Information shown ▸
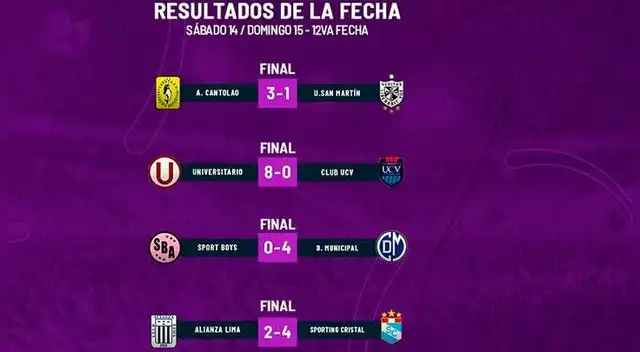 Mientras tanto, el domingo a primera hora, Sport Boys no pudo de local y sucumbió 4-0 ante Deportivo Municipal. Y, para el cierre deportivo, se jugó el partido más esperado de la jornada 12 entre Alianza Lima vs Sporting Cristal en el coloso de Matute.
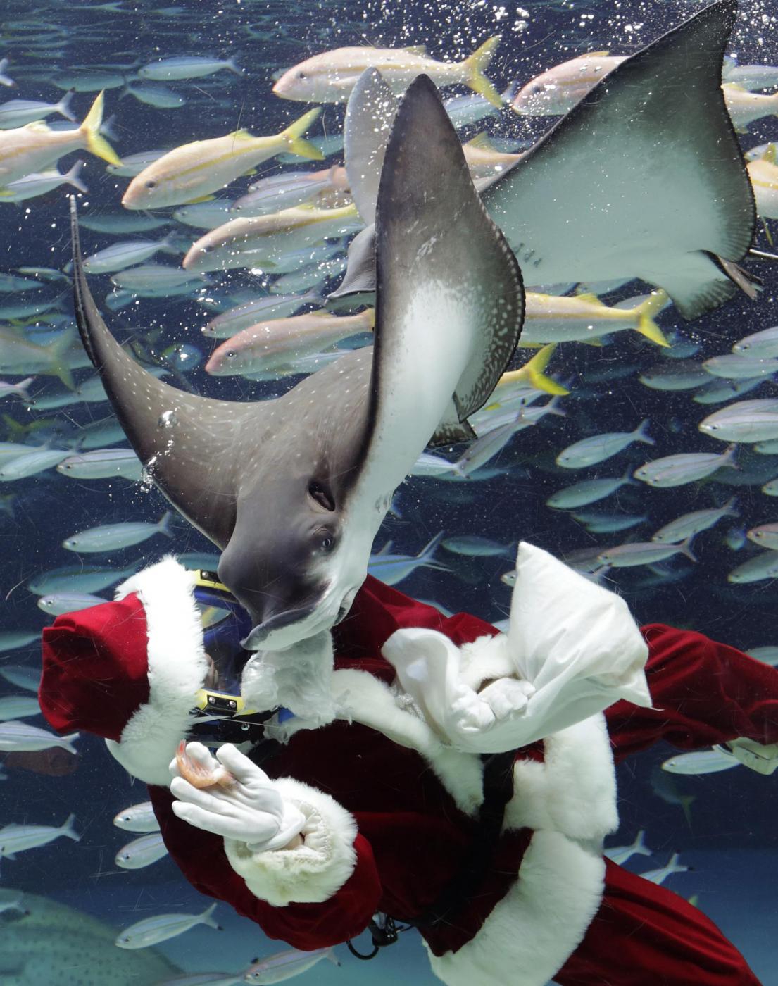 Rays gather around a diver dressed as Santa Claus feeding fish as the annual Christmas attraction starts at Sunshine International Aquarium in Tokyo, Wednesday, Dec. 11, 2013. (AP Photo/Shizuo Kambayashi)
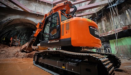 total (cabina en posición baja): 3.080 mm Altura total (barandilla): 3.390 mm Ancho total (transporte): 2.990 mm Radio de giro trasero: 1.680 mm Ancho de zapata de oruga: 600 mm

Exercise directions ▸
Please reproduce the data above word for word, skipping all images.

Solution to the problem ▸
 Mientras tanto, el domingo a primera hora, Sport Boys no pudo de local y sucumbió 4-0 ante Deportivo Municipal. Y, para el cierre deportivo, se jugó el partido más esperado de la jornada 12 entre Alianza Lima vs Sporting Cristal en el coloso de Matute.
 Rays gather around a diver dressed as Santa Claus feeding fish as the annual Christmas attraction starts at Sunshine International Aquarium in Tokyo, Wednesday, Dec. 11, 2013. (AP Photo/Shizuo Kambayashi)
 total (cabina en posición baja): 3.080 mm Altura total (barandilla): 3.390 mm Ancho total (transporte): 2.990 mm Radio de giro trasero: 1.680 mm Ancho de zapata de oruga: 600 mm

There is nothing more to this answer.